Foi num domingo emburrado e cinzento no Aterro do
Flamengo que o Miguel deu suas primeiras pedaladas sem as rodinhas de apoio da
bicicleta vermelha. Dia 18 de maio de 2014, quase cinco anos completos. O
registro histórico foi feito pela mãe, que segurava a câmera fotográfica na
esperança de que ocorresse aquilo que acabou ocorrendo. Num dos curtos vídeos,
Miguel quase dá uma trombada na câmera, apruma-se de volta e, como um bezerro que acaba de ser expelido do ventre, ginga de um lado
para o outro tentando manter-se em pé, cambaleante, mas, confiante. O pai sai
correndo atrás, desarvorado, consciente de que estava diante de momento
importantíssimo para a memória familiar:
- Firme pra frente! Firme pra frente!
E o Miguel, orgulhoso:
- Eu não falei? Eu não falei? (que conseguiria?)
E a mãe:
- Peraí, Miguel! Miguel aprendeu a andar sozinho sem
rodinha na bicicleta!
E o pai:
- Devagar!
E o Miguel, preocupado:
- Eu vou virar. Eu não sei frear!
Ele parou de pedalar e a bicicleta foi lentamente
perdendo velocidade, dando tempo de o pai chegar mais perto e segurá-lo, sem
maiores problemas. Desde então, pegou confiança e, hoje, vai pedalando até a
padaria perto de casa em busca dos salgadinhos preferidos, do pão francês
e do presunto pro lanche da tarde, ou visita a tia-avó que se mudou há pouco
para Curitiba, cidade agradabilíssima para se ter uma “magrela”. Ninguém
desaprende a pedalar, assim como ninguém desaprende a nadar ou a beijar. Bom, o
cidadão pode até pedalar, nadar e beijar mal pra diabo, mas, talvez, tudo seja
uma questão de prática e confiança. No caso do Miguel, confiança até demais. Estamos
falando de pedalar, certo?
Anteontem, voltávamos para casa depois de uma tarde de brincadeiras com um amigo. Ele na bicicleta novinha em folha, presente de Natal; eu, no modelo vintage azul que uso diariamente para ir e voltar do trabalho. A rua transversal, de pouco movimento e ligeiramente íngreme, o fez cometer a imprudência de impulsionar a pedalada suspendendo o corpo, quase em posição vertical. Perdeu o equilíbrio, ziguezagueou rapidamente e tombou para o lado esquerdo, caindo sobre o meu corpo. Fomos ao chão.
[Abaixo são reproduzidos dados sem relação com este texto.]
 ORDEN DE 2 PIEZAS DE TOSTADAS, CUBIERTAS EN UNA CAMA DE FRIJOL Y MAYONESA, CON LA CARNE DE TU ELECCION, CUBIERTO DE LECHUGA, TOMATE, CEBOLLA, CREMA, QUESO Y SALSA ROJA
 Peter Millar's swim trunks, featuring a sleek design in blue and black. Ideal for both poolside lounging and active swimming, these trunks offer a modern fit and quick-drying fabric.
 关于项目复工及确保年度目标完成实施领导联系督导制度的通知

Após a queda, levantamos assustados. Imediatamente,
Miguel começa a chorar em desespero, reclamar de dor e de ardência. Havia graxa
num dos braços e eu pensei no pior. O joelho esquerdo estava ralado e começava
a sangrar. Tentei acalmá-lo, dei-lhe um abraço e disse que estava tudo bem,
embora fosse mera expressão de desejo. Um guardador de carros veio correndo perguntar
se havíamos nos machucado, e eu não sabia o que responder. Naquele horário,
embora não fosse tarde, lá pelas sete da noite, ainda claro, já não havia
movimento na rua e eu só pensava em como estancar o sangue do joelho.
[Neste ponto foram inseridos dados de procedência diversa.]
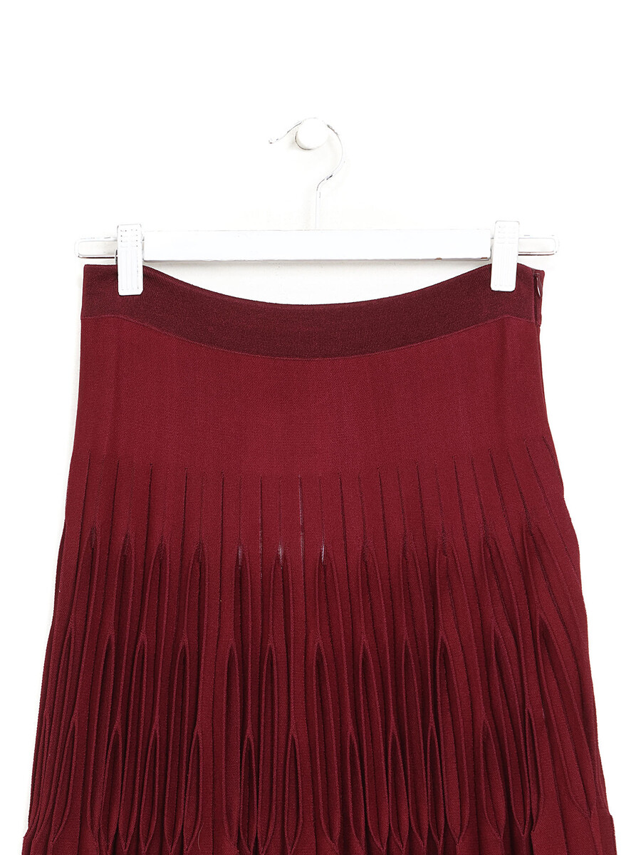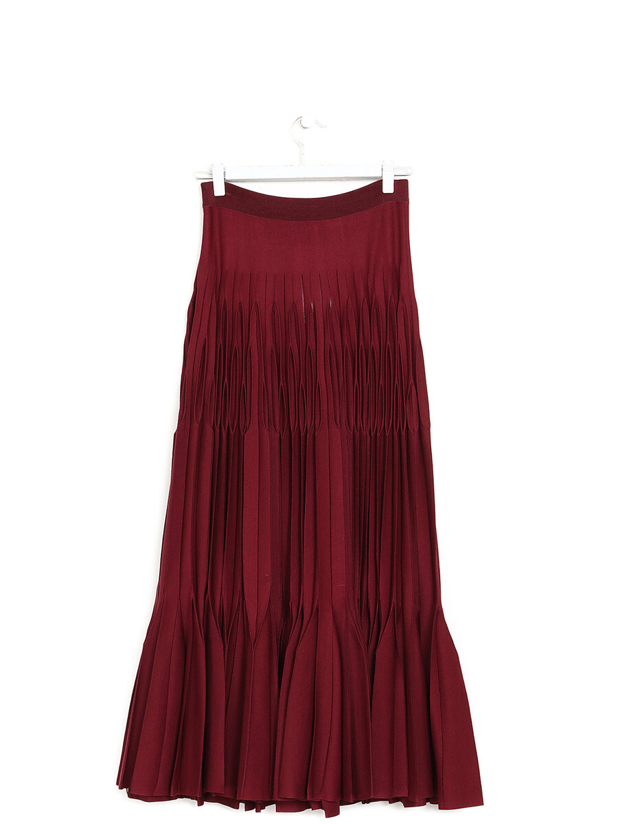 Pleated ankle-length skirt in rich burgundy.
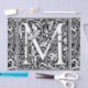 This initial M is part of a complete series of upper case William Morris inspired typography initials. The black and white lettering is highly decorative, styled after the fancy typography of the middle ages. Cute and trendy, this is a vintage chic monogram M - letter M- swirly M . Customize this vintage monogram by changing the background colour; just choose "edit design", and edit background colour. There is a complete alphabet of these letters. If you need a different letter, please visit the antiqueart store.
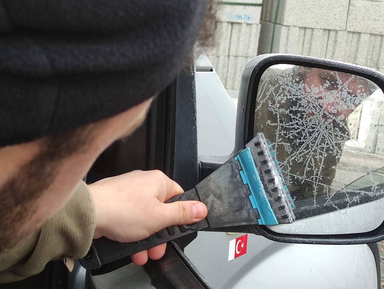 Termometrelerin eksi 17 dereceyi göstermesiyle birlikte özellikle sabah saatlerinde araç camlarının tamamen buz tuttuğu görüldü. Sürücüler, araçlarını çalıştırmakta güçlük çekerken, bazı vatandaşlar camları kazıyarak çözüm bulmaya çalıştı.
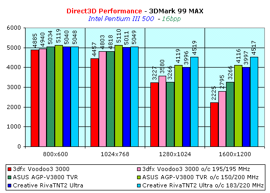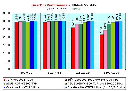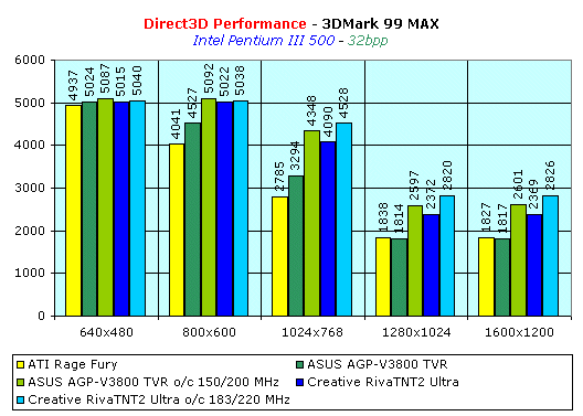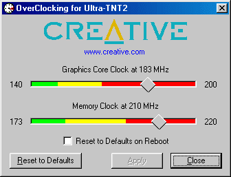 В заключении рассказа об установке Creative 3D Blaster Riva TNT2 Ultra хочу сказать, что тестирование проводилось на драйверах nVidia 1.88, версия BIOS — 2.05.2.11 от 5 мая 1999 года. Опытным путем был достигнут тот максимальный разгон, при котром видеокарта работает устойчиво — 183 МГц на чипсете, 220 МГц - на памяти. Напомню, что по умолчанию частоты установлены как 150 и 183 МГц соответственно. Поэтому тестирование для этой платы проводилось дважды: для номинального режима и режима максимального разгона.
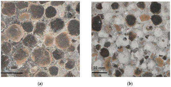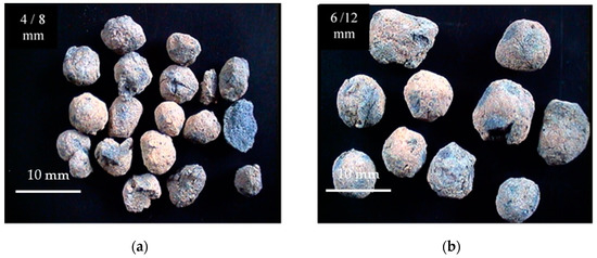 Sintered fly ash aggregate: (a) fraction 4/8 mm and (b) fraction 6/12 mm.
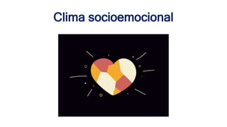 El documento trata sobre el clima socioemocional y el bienestar en el lugar de trabajo. Explica que el clima socioemocional se refiere a las percepciones, sentimientos y actitudes de los miembros de una comunidad sobre sus relaciones. También discute factores como la comunicación, el trato entre colegas, la colaboración y la resolución de conflictos. Además, aborda conceptos como el bienestar, la felicidad y factores que contribuyen a lograr un estado de florecimiento óptimo.

Então, para um carro ao nosso lado, o casal nos
pergunta se precisávamos de alguma ajuda e eu emendei “água!”. Descem com uma
bolsa de “primeiros socorros”, antisséptico e paninhos umedecidos. “Saímos
prevenidos, temos um casal de filhos pequenos”. Bem humorados e calmos, prestam
uma ajuda inestimável. Em seguida, aparece o funcionário de um curso de inglês
logo ali na frente, que se oferece para guardar as bicicletas. O guidom da
bicicleta do Miguel entortou e ele não tinha a menor condição de pedalar até em
casa. Agradeci a gentileza e retomei um pouco da fé na humanidade.
A situação estava aparentemente sob controle. Podíamos caminhar devagarzinho até em casa, mas fiz questão de carrega-lo no colo, péssima ideia porque não estamos mais em 2014. A cada tantos metros, descarregava a jamanta de quase cinquenta quilos na calçada. Em casa, foi direto para o banho. Lavou a ferida, apertando a minha mão porque ardia bastante. A mãe foi requisitada para fazer o curativo, já que masculinidade do pai é bastante frágil e não dá conta de certos procedimentos que envolvam ferimentos e sangue.
“Deixa de viadagem, Marcelo!”, gritam as vozes machista-patriarcais e heteronormativas que habitam a minha cabeça. Prometo que, na próxima, dou conta.
Comentários
Ainda bem que apareceu um casal alma boa para ajudar.
Já sou avó e iria ficar tensa também.
O importante que vivo pregando aqui é o uso do capacete.
E ainda foi aparecer uma bicicleta elétrica na minha vida para me deixar com mais cabelos brancos. Meu genro levando meu neto pra lá e pra cá.